*** Opening of DATA FOR THE TASK ***
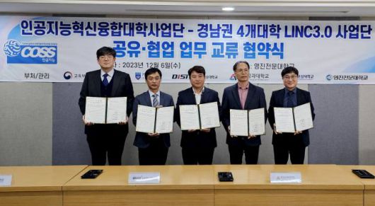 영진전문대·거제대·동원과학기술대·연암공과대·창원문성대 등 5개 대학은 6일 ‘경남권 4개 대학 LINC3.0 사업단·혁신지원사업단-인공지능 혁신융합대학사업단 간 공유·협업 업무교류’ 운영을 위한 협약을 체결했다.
*** Close of DATA FOR THE TASK ***
*** Opening of DATA FOR THE TASK ***
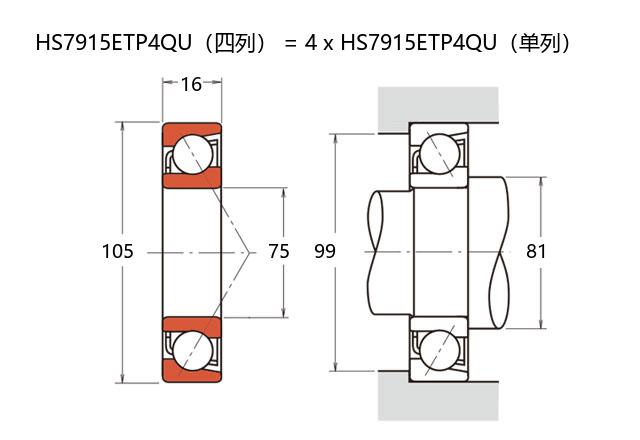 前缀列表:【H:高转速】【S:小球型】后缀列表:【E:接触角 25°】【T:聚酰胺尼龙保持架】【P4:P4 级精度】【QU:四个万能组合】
*** Close of DATA FOR THE TASK ***
*** Opening of DATA FOR THE TASK ***
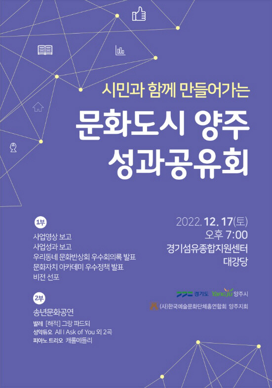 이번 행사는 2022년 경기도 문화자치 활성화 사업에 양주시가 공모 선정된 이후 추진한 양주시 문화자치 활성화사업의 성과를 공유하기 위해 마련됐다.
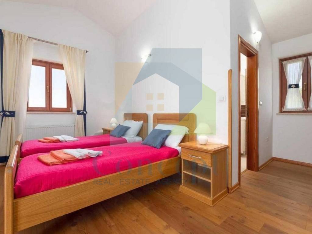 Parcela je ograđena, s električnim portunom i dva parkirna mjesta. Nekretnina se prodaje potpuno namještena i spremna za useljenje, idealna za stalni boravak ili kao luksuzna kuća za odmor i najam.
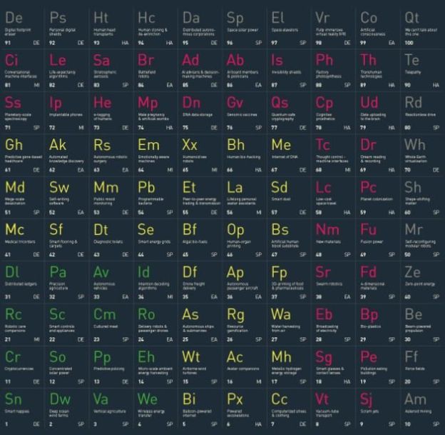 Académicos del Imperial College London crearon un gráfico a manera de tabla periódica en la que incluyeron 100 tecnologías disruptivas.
*** Close of DATA FOR THE TASK ***
EXERCISE PROMPT:
What is needed is an exact copy of the lines above, from the one holding "Parcela je ograđena, s" down to the one holding "Académicos del Imperial", with those two included and the pictures left out.

REPLY:
 Parcela je ograđena, s električnim portunom i dva parkirna mjesta. Nekretnina se prodaje potpuno namještena i spremna za useljenje, idealna za stalni boravak ili kao luksuzna kuća za odmor i najam.
 Académicos del Imperial College London crearon un gráfico a manera de tabla periódica en la que incluyeron 100 tecnologías disruptivas.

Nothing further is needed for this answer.